Белый вознес над головой меч, который не выпускал из рук в «буйстве».
Удар меча перехватил изумрудной сталью своей сабли Стрелок.
– Господин! – крикнул в лицо Белому Пятый.
– Убью! – зарычал Белый.
Пятый пихнул Белого, смело повернулся к нему спиной, заслоняя своим телом сжавшегося Корня.
– Как смеешь ты что-то предъявить? Попутал? Знай свое место, червь! Пшел! Чтоб ноги твоей! Пока не вызову!
И пнул мускулистого акробата. Корень убежал.
Стрелок повернулся к Белому, что терпел, но боль все одно кривила его лицо. Пятый понял, что как только Серый начинает волноваться – его накрывает. Да и Синька неспроста пришла. Еще и очередной приступ наложился. М-да, Серому досталось.
– Как ты? – тихо спросил он.
– Заикали, суки! – прохрипел Белый.
– Режим Старика? Я вижу – помогло… – Смеялись только уголки глаз Стрелка.

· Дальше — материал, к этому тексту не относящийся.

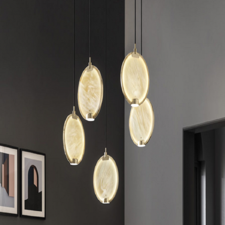 Ogni diffusore ha una struttura in ottone e pende da un baldacchino rettangolare dal soffitto.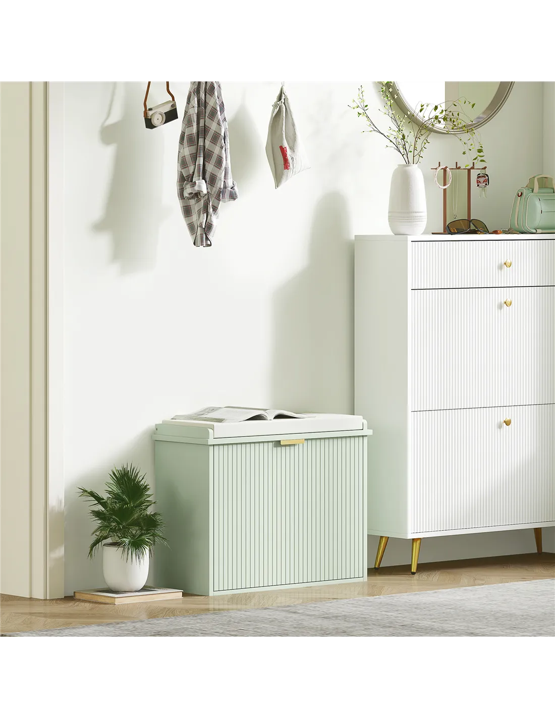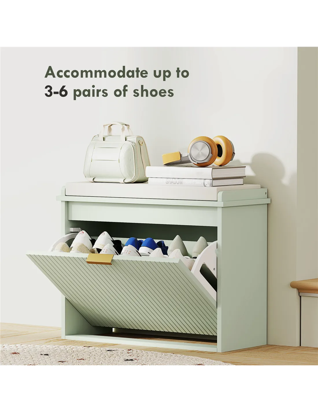 - Compact shoe storage bench saves entryway space
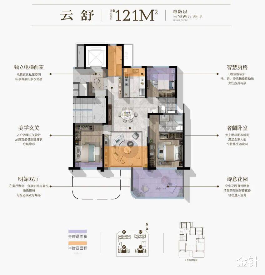 约121㎡户型,有着开阔通透的客餐厅,主卧标配独立衣帽间,卧室直连空中花园,为业主带来了改善级的舒适与体面。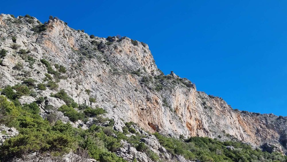 Our route takes a line up the grey slabs on the left of the photo below, for a couple of pitches, before an easy shoulder to level with the left side of the big cave brings four further pitches up steeper orange rock. Seven pitches in all and around 200m up to 6a+.

– Бруска, браток, объясни ей! Прошу! – хрипит Серый, не размыкая губ, со стиснутыми зубами.
– Не вопрос, Серый, не вопрос, – кивнул Стрелок, бросая саблю в ножны.

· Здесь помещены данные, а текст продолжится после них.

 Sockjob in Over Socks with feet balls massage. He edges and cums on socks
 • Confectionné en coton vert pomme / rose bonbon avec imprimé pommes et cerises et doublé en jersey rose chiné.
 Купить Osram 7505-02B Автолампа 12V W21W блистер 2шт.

* * *Как только обгорелые башни брошенного, разоренного города скрылись из виду, Белохвост послал мальчишку-вестового собрать смотрящих на Совет.
И вот они собрались. Их инструктирует Стрелок чуть поодаль. Белый делает вид, что не слышит его напутствий:
– Говорить кратко и по делу. Молчать, пока не спросят. Говорить строго, по одному. Прежде чем обозначить свое затруднение и поставить вопрос перед властителем, иметь как минимум три пути решения этой трудности. Свое несогласие выражать твердо, но – обоснованно. Если не смогли обосновать – молчать, пока не придумаете, как разложить все грамотно и умно. К властителю обращаться строго «командир». Мы в боевом выходе. Я понятно объяснил? Тогда – пошли.
Синьки с ними не было. Она – не глава направления. Она – просто лекарь. От лекарей представлена Мать Жалея. Пятый все объяснил Синеглазке, но она «обижалась». Потому Белый ночевал один. Вечером он был удостоен ее посещения. Синеглазка, за закрытыми дверями, лечила командира, потом целовала. Страстно, зло, но – быстро. Скакала на командире, зажав ему рот рукой и закусив собственный кулак. И ушла сразу же после этого, полностью истощенная. Именно так все это увидели, проводив ее сочувственными взглядами. Этот зверь наорал на бедную девушку, а она всю себя ему отдала, довела себя до магического истощения. Изверг! И только ограниченный круг лиц знал, насколько на самом деле истощена маг Жизни. И магически, и физически, и… сексуально. Кто ж знал, что такая любовь, украдкой, как краденая, – такая жгучая, опустошающая?! И скорая. Синька забилась от сладких волн удовольствия буквально сразу же. И тут же – еще раз, когда Белый излился в нее. Уложились в сотню ударов сердца.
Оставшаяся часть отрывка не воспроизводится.